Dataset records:
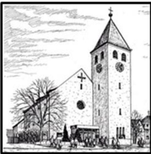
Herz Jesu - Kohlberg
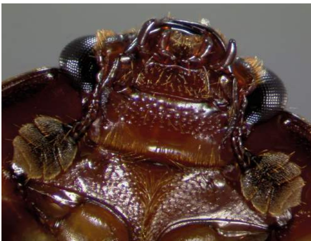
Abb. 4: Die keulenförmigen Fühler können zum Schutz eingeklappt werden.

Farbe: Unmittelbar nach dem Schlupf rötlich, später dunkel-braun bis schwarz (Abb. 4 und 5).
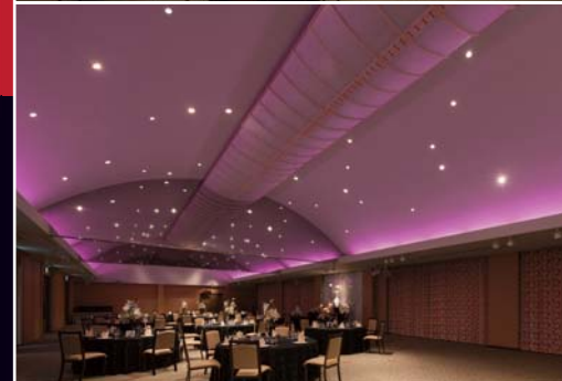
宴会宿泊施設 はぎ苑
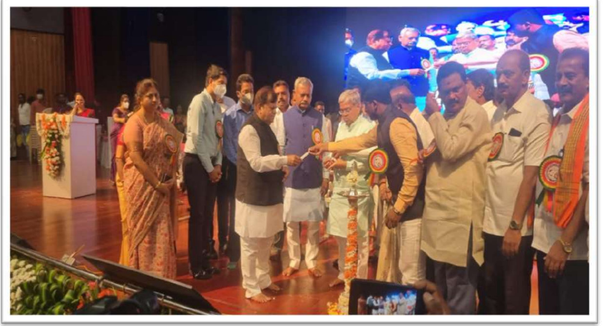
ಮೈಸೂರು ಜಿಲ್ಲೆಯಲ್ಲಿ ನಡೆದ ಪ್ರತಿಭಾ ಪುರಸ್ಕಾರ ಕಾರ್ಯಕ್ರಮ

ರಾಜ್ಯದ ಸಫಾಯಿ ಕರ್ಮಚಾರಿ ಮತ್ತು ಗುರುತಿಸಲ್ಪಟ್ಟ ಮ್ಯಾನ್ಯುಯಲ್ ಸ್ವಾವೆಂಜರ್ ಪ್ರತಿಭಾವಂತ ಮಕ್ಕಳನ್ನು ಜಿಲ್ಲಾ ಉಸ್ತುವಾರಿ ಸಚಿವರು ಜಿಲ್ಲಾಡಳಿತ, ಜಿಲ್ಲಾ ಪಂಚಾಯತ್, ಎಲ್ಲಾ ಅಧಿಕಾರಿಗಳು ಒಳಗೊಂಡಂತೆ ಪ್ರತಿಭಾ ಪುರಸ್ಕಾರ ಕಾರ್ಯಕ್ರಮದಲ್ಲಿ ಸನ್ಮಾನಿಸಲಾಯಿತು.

AIM OF THE TASK:
May I have exactly the lines from the one containing "ಮೈಸೂರು ಜಿಲ್ಲೆಯಲ್ಲಿ ನಡೆದ" through the last line of the data, both included?

OUTPUT FOR THIS EXERCISE:
ಮೈಸೂರು ಜಿಲ್ಲೆಯಲ್ಲಿ ನಡೆದ ಪ್ರತಿಭಾ ಪುರಸ್ಕಾರ ಕಾರ್ಯಕ್ರಮ

ರಾಜ್ಯದ ಸಫಾಯಿ ಕರ್ಮಚಾರಿ ಮತ್ತು ಗುರುತಿಸಲ್ಪಟ್ಟ ಮ್ಯಾನ್ಯುಯಲ್ ಸ್ವಾವೆಂಜರ್ ಪ್ರತಿಭಾವಂತ ಮಕ್ಕಳನ್ನು ಜಿಲ್ಲಾ ಉಸ್ತುವಾರಿ ಸಚಿವರು ಜಿಲ್ಲಾಡಳಿತ, ಜಿಲ್ಲಾ ಪಂಚಾಯತ್, ಎಲ್ಲಾ ಅಧಿಕಾರಿಗಳು ಒಳಗೊಂಡಂತೆ ಪ್ರತಿಭಾ ಪುರಸ್ಕಾರ ಕಾರ್ಯಕ್ರಮದಲ್ಲಿ ಸನ್ಮಾನಿಸಲಾಯಿತು.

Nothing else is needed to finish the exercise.